Oltre le confortanti semplificazioni
La notizia che quest’anno i vincitori del premio Nobel per la pace erano tre rappresentanti della società civile che da decenni denunciano gli abusi e le violazioni dei diritti nei loro Paesi ha fatto immediatamente il giro del mondo. In una fase in cui non si vedono concreti spiragli di soluzione alla guerra e si paventa un’escalation nucleare, l’assegnazione del Nobel ha rimesso al centro dell’attenzione globale il tema della pace e del modo per costruirla. Infatti, almeno per un momento, l’attenzione mediatica che il Nobel riesce a catalizzare ha spezzato il discorso dominante, secondo cui la guerra non potrà risolversi se non con l’affermazione sul campo di una delle parti e soprattutto che questa è l’unica via per la pace. La possibilità che la diplomazia possa riunire intorno allo stesso tavolo i belligeranti per giungere a una soluzione negoziale non è presa seriamente in considerazione. Le poche voci che prendono posizione a favore di quest’ultima prospettiva rischiano di cadere nel vuoto, come ricordava il cardinal Parolin a proposito dell’impegno di papa Francesco (Parolin P., «Così la Chiesa pensa il mondo», in Limes, 7 [2022] 245-252). Già solo ridare spazio a posizioni alternative e alla domanda su come lavorare per la pace è un modo per renderla meno lontana.
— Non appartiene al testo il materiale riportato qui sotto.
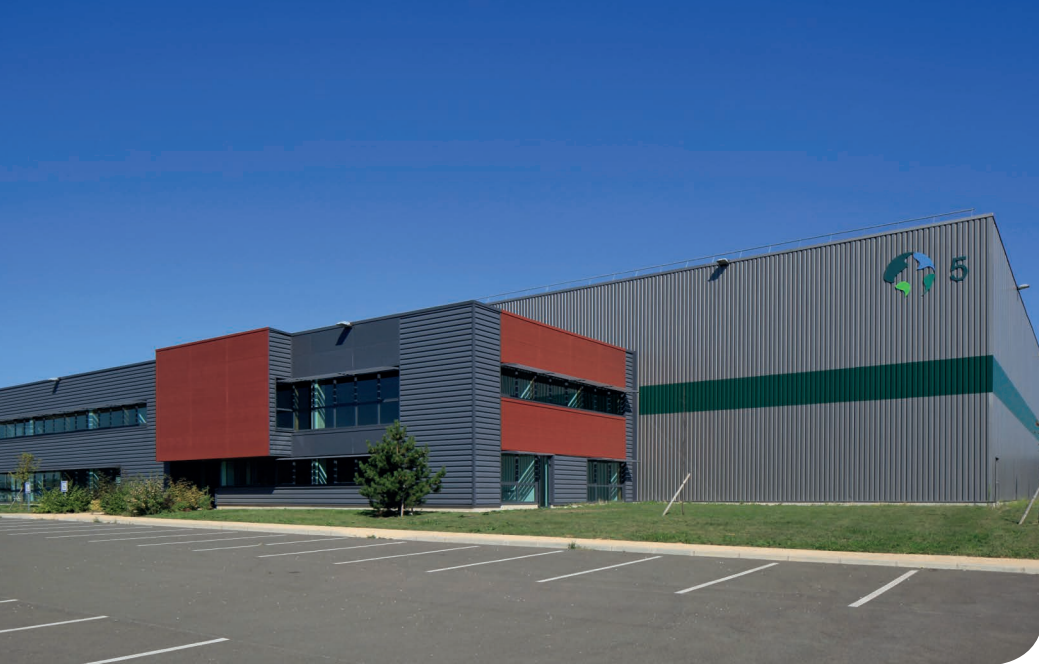
Vémars DC 5
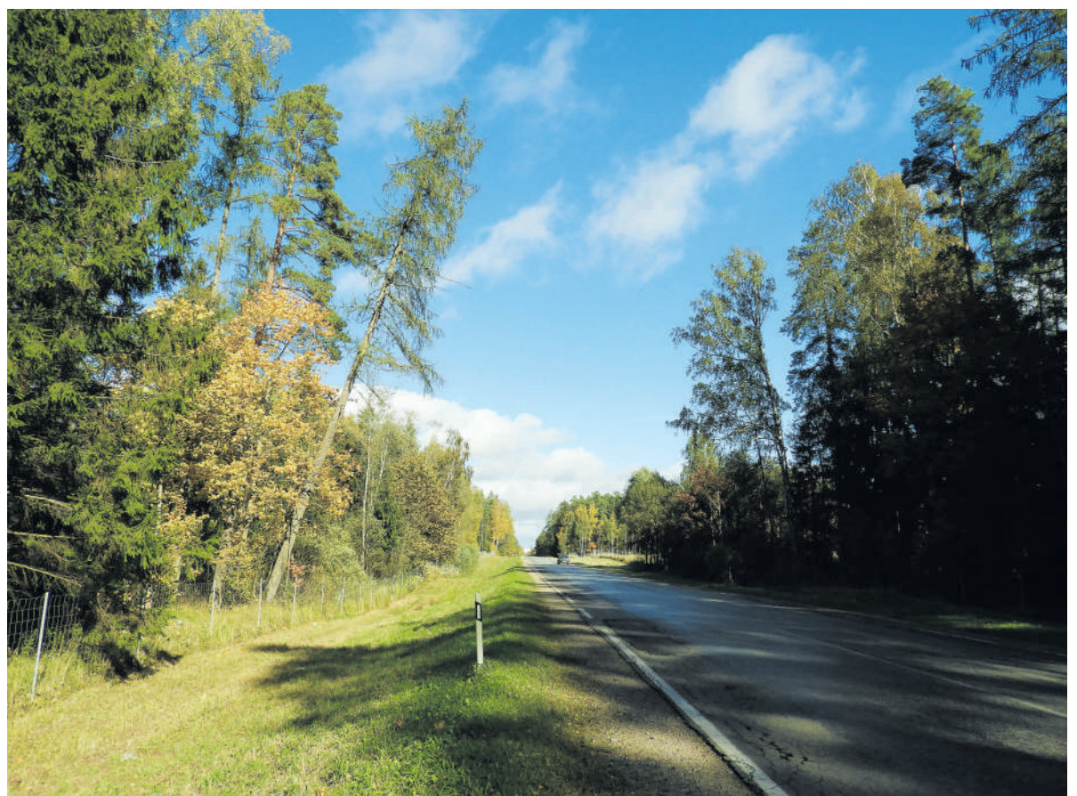
Pasviręs pakelės medis baugina vairuotojus.

Non meno significativo è che i soggetti premiati non appartengono solo all’Ucraina vittima dell’aggressione militare, ma anche alla Russia di Putin, che ha scatenato il conflitto, e alla Bielorussia di Lukashenko, suo fedele alleato. Con queste scelte, il premio Nobel aiuta a infrangere una narrazione semplicistica, che contrappone in modo manicheo i buoni e i cattivi nella guerra in corso, così come in tanti altri conflitti, mostrando invece quanto la realtà sia più complessa, ricca e articolata. La finestra che si è aperta grazie all’attenzione globale veicolata dall’autorevolezza del Nobel ha reso evidente quanto le situazioni dei vari Paesi coinvolti non siano poi così distanti. Questo vale sia per la denuncia di soprusi e violazioni, sia per la presenza di forze sane, espressione di un senso civico radicato e profondo, pronte a lottare per la difesa dei diritti umani, anche pagando in prima persona il prezzo per questo loro impegno. In più occasioni, infatti, i premiati sono stati incarcerati per motivi pretestuosi – Ales Bialiatski è in questo momento in prigione – o ostacolati in diversi modi dalle autorità.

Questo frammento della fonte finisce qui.